Японские диетологи разработали таблицу правильного питания, которая лучше всего отражает философию азиатской кухни. Согласно этой таблице можно увидеть какие продукты необходимо употреблять в большем, а какие в меньшем количестве. Самой большой группой продуктов, а следовательно и той, которой надо отдавать большее предпочтение в повседневном рационе являются: хлеб, зерновые, рис, макароны или лапша (от 6 до 11 порций).
Дальше группа овощей (3–5 порции) и фруктов (2–4 порции). Затем молочные продукты, йогурты и сыры (2–3 порции); мясо, рыба, яйца, бобы, орехи (2–3 порции).
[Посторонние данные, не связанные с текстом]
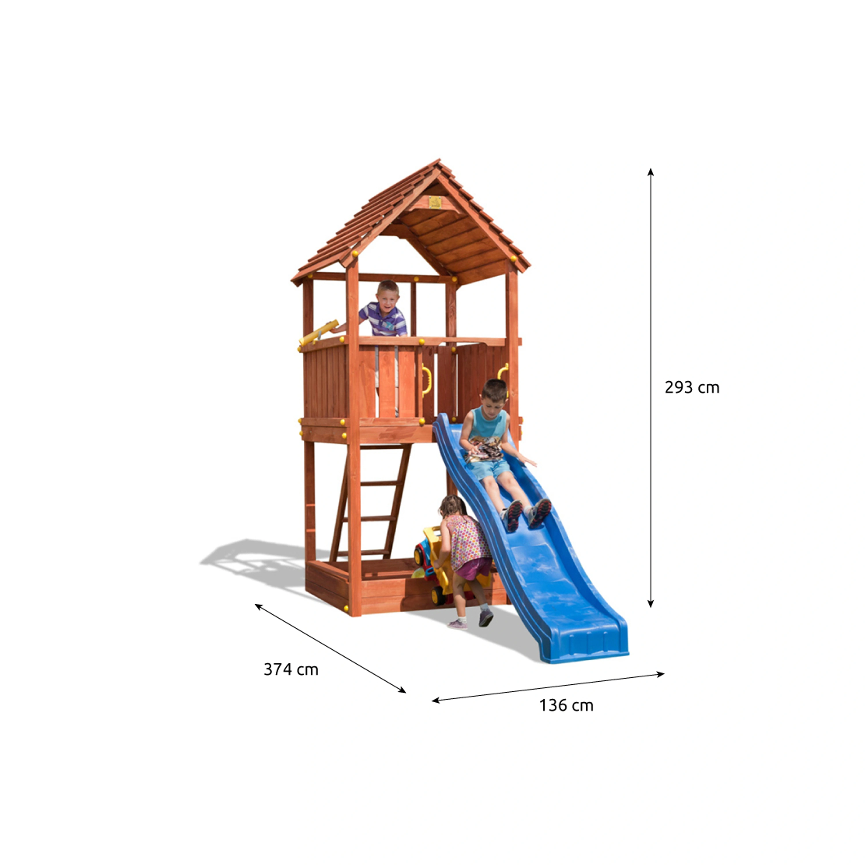 Kvalitní materiályVeškeré komponenty jsou vyrobeny z robustního plastu, odolného kovu a borovicového dřeva, které je povrchově ošetřeno proti nepříznivým vlivům počasí. |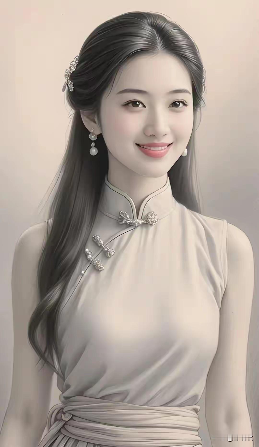 这个姑娘长得美, 想夸没有好词汇。 拜请名师多指点, 清新脱俗对不对?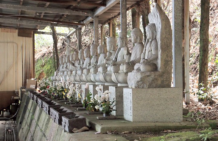 建物は片側が吹き放ちになっている。そしてその吹き放ちになった山側に十三体の石仏が並んでいた。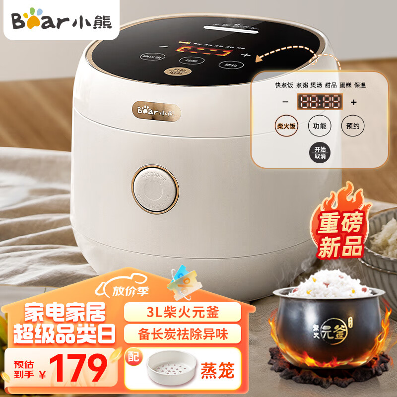 小熊(Bear)电饭煲 电饭锅 家用多功能3升智能防溢预约元釜柴火饭2-3人迷你米饭锅4-5人 DFB-C30L3 3L价格:179.00元!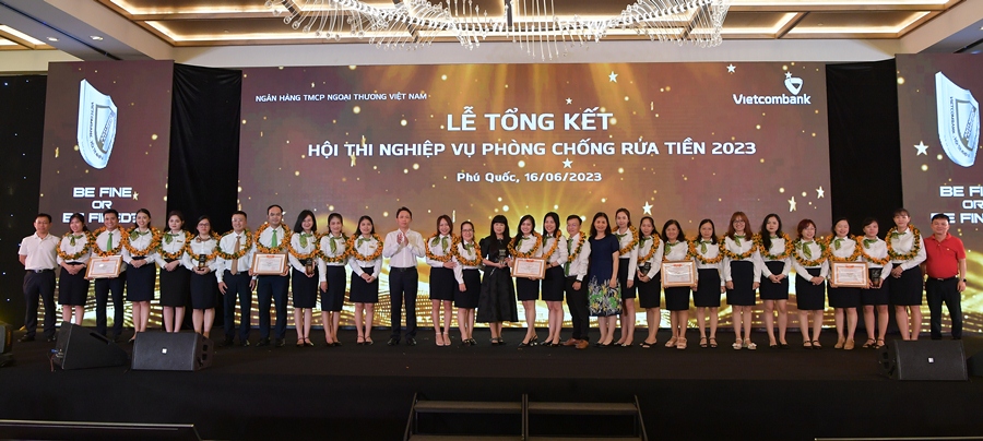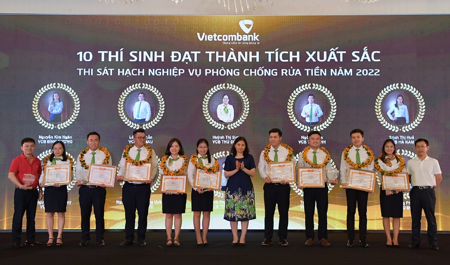 Phó Tổng Giám đốc Vietcombank Đinh Thị Thái (thứ 7 từ trái sang) cùng ông Đặng Kiên Định - Trưởng Ban Kiểm tra nội bộ (ngoài cùng bên phải) và ông Hà Đức Quân - Trưởng phòng Phòng chống rửa tiền (ngoài cùng bên trái) trao Giấy khen và tặng hoa cho các cán bộ xuất sắc nhất Hội thi Nghiệp vụ PCRT 2023

И наконец, последняя группа продуктов, которые необходимо потреблять в очень малых количествах: жиры, масло, растительное масло, всевозможные кондитерские изделия и сахар.
Как видите, если вас в начале напугало количество порций, то по таблице видно насколько они маленькие. Только пожалуйста не путайте восточные пиалы для еды, для чая, и наши салатные миски.
Ежедневный азиатский рацион отличается от европейского. Обычно на завтрак азиаты едят пиалу жареного, сладкого черного риса, пиалу супа, кусочек хлеба (рис можно заменить пиалой мюсли) и конечно чай.
На ланч употребляют что-нибудь легкое, фрукты или овощи, или вчерашний обед.
Снэк или полдник не обязателен и зависит от индивидуальных предпочтений. Обед (ужин) очень важен и обычно состоит из нескольких блюд: рис или зерновые, макароны; овощные салаты; одно, два мясных или рыбных блюда.
Самое главное в азиатской диете это энергетический баланс – баланс калорий получаемых и калорий расходуемых. С помощью пищи мы получаем калории, с помощью физических упражнений расходуем. Даже если у вас большой аппетит, вы не наберете вес если будете непрерывно придерживаться энергетического баланса. Вы должны принимать пищу, приносящую удовольствие, но в то же время содержащую как можно меньше калорий. Согласно азиатской диете, ключ к похудению – разнообразие пищи маленькими порциями.
Если употреблять пищу маленькими порциями и часто, ваш вес постепенно нормализуется, так как в азиатской кухне акцент ставится на потребление овощей. А овощи, как известно, содержат очень мало жиров и большое количество пищевых волокон, которые дают быстрое насыщение. Согласно диете вы должны терять 0,5–1 кг в неделю – количество, рекомендованное экспертами-диетологами, как самое безопасное.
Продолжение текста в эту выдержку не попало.